The Broody Blues: Are You Thinking Yourself Into Depression?

Ruminating may lead some women into depression

Quick: What seemingly innocuous habit can easily set you up for depression?

No, it’s not procrastination, smoking or your secret java addiction. It’s “rumination,” a term psychologists use to describe a tendency to go over and over a problem or stressful situation, playing it endlessly like an old-fashioned LP—and a scratched-up one at that.

Rumination is particularly common among women. Whether you rant and rave about an upsetting event, chew it over in your mind as you endlessly examine it from every possible angle (in the mistaken belief that this will help you find a magic solution) or continuously rehash what happened to anyone who will listen—you’re on notice: You could be thinking yourself into depression.

Here’s how it happens:

“Research shows that rumination leads you to regard situations in your life with increasing negativity, because when you’re in a distressed mood, negative thoughts and negative memories are more accessible, and you use them to interpret what’s happening now,” explains Susan Nolen-Hoeksema, Ph.D., a professor of psychology at Yale University and author of Women Who Think Too Much: How to Break Free of Overthinking and Reclaim Your Life. “This interferes with your ability to solve problems, so that they persist or get worse, creating more worry and stress—a downward spiral that can contribute to depression.”

In fact, a new study from the University of Muenster in Germany found that rumination impairs the decision-making process, which can contribute to depression by making you feel stuck. Adding insult to misery, the rumination habit can also take a toll on your relationships: Friends and loved ones may become irritated with you because they don’t understand why you can’t just move on or get over it. “

So, social support dwindles over time, which gives people who ruminate more to ruminate about and they feel more depressed,” Nolen-Hoeksema says. Not surprisingly, rumination can also raise your blood pressure and lead to anxiety, sleep problems, or food or alcohol abuse. The good news, according to Nolen-Hoeksema, whose latest book is The Power of Women: Harness Your Unique Strengths at Home, at Work, and in Your Community, is that you can learn to break the rumination cycle in a few simple steps. When you find yourself stuck on a negative thought:

1.Schedule a “worry hour.” Set aside a time in the late afternoon or early evening (but not right before bed!) to think about the problem you’re stewing over.

2.Distract yourself with a pleasant activity—like exercising with a friend (tennis, anyone?), going to a movie or reading an engrossing book.

3.If the problem continues to eat at you before worry hour comes around, use thought-stopping techniques to keep yourself in distraction mode: Visualize a stop sign, breathe slowly and deeply.
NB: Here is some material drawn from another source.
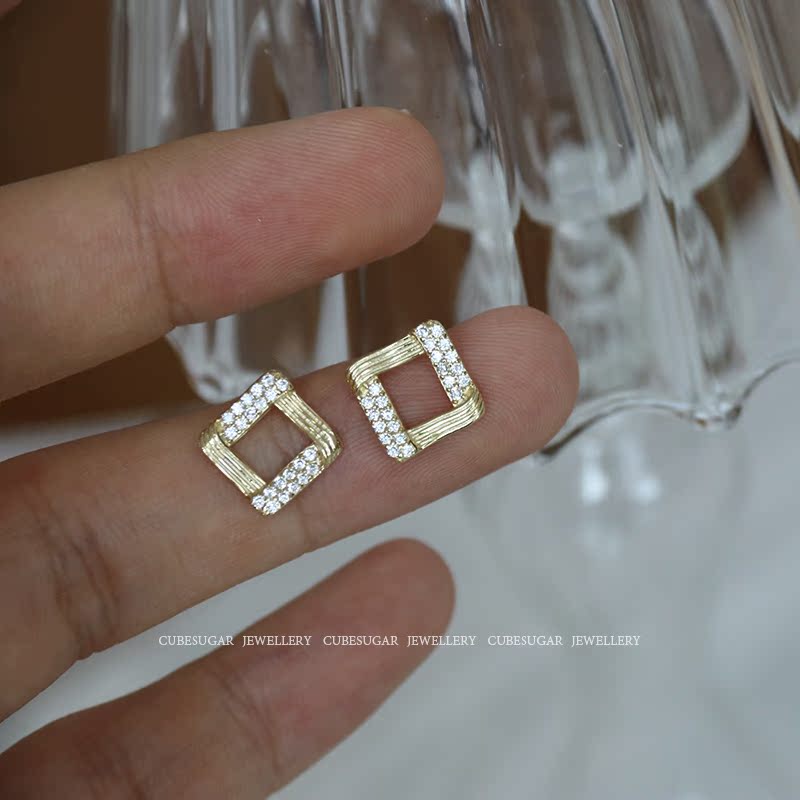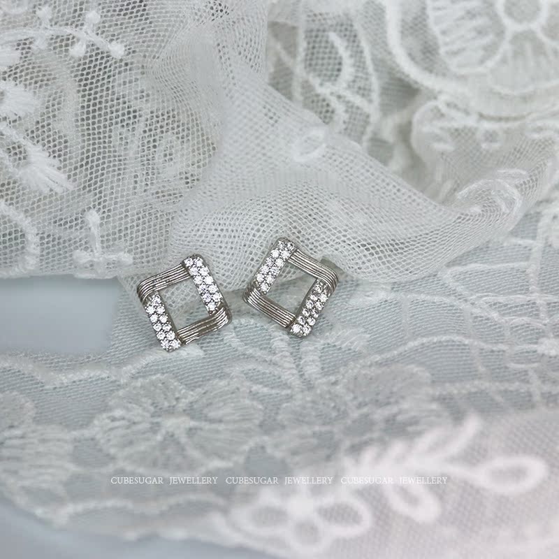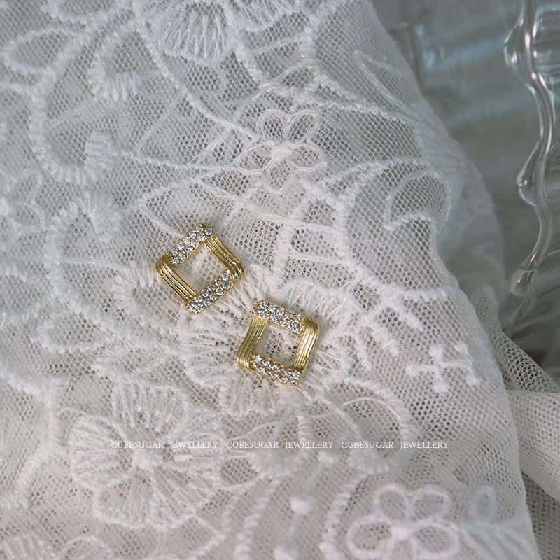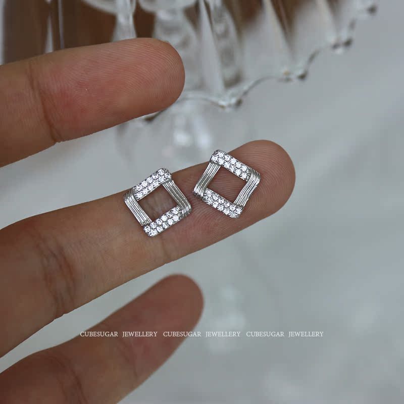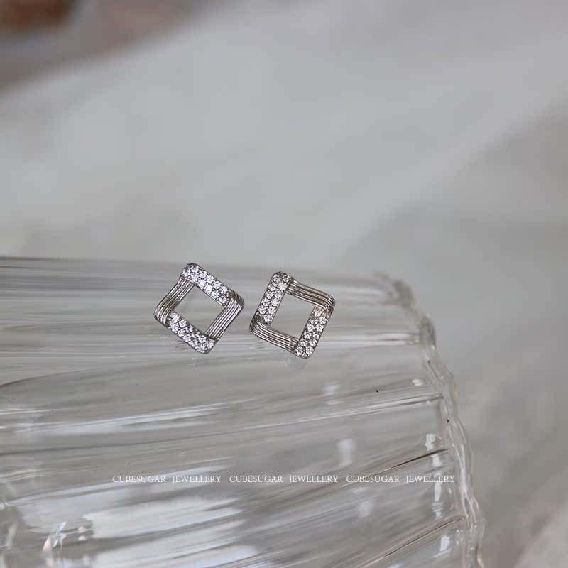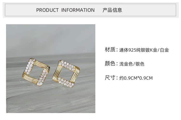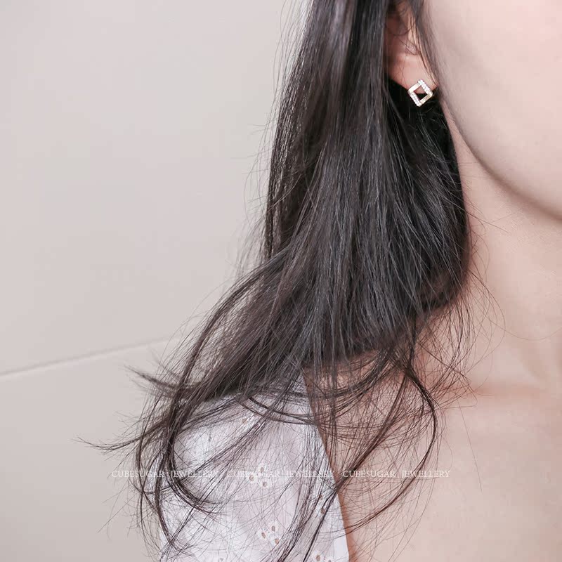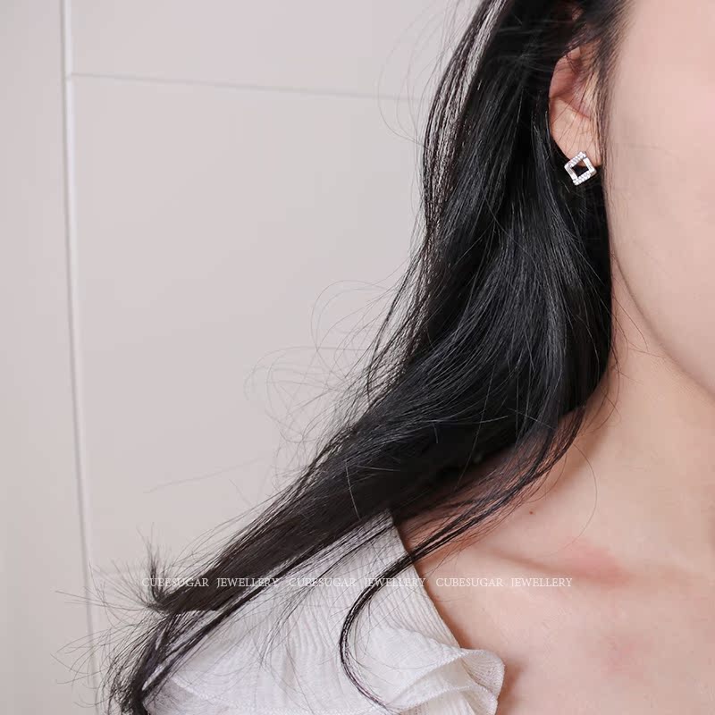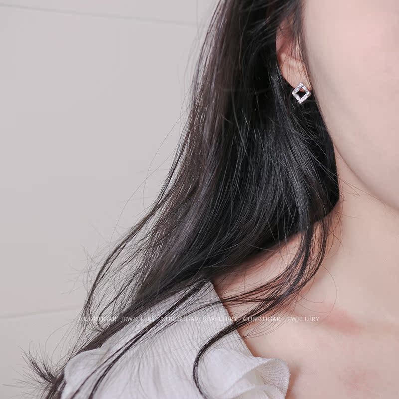通體925純銀方形鑲鉆耳釘簡約氣質個性通勤高級感小巧韓國耳環1入

Consciously choose not to dwell on the negative but to focus on something pleasant instead. Having positive distractions will lift your mood and break the cycle of repetitive thought, Nolen-Hoeksema says. “Even more important, it improves your thinking, making it more positive and balanced.”

4.When it’s time to revisit the issue, swing into problem-solving mode: Write down exactly what the problem is or how you think the situation needs to change, then rephrase the issue to reflect the positive outcome you desire. The next step is to brainstorm what you can do to move toward that goal, and then come up with the most feasible, useful steps you could take and formulate a concrete plan of action; sometimes it’s helpful to get the input of a trusted friend. If you’ve been fretting about being stuck in your career, for example, you might start looking for courses to improve your job skills. If you’ve been obsessing about the tension between you and your spouse, you might decide to talk to him about it or suggest going to a counselor together. The idea is to get the issue out of your head and to translate it into something you can do something about.

Using this formula will help free you from the rumination habit for good—and feel better and more empowered in your life 24/7.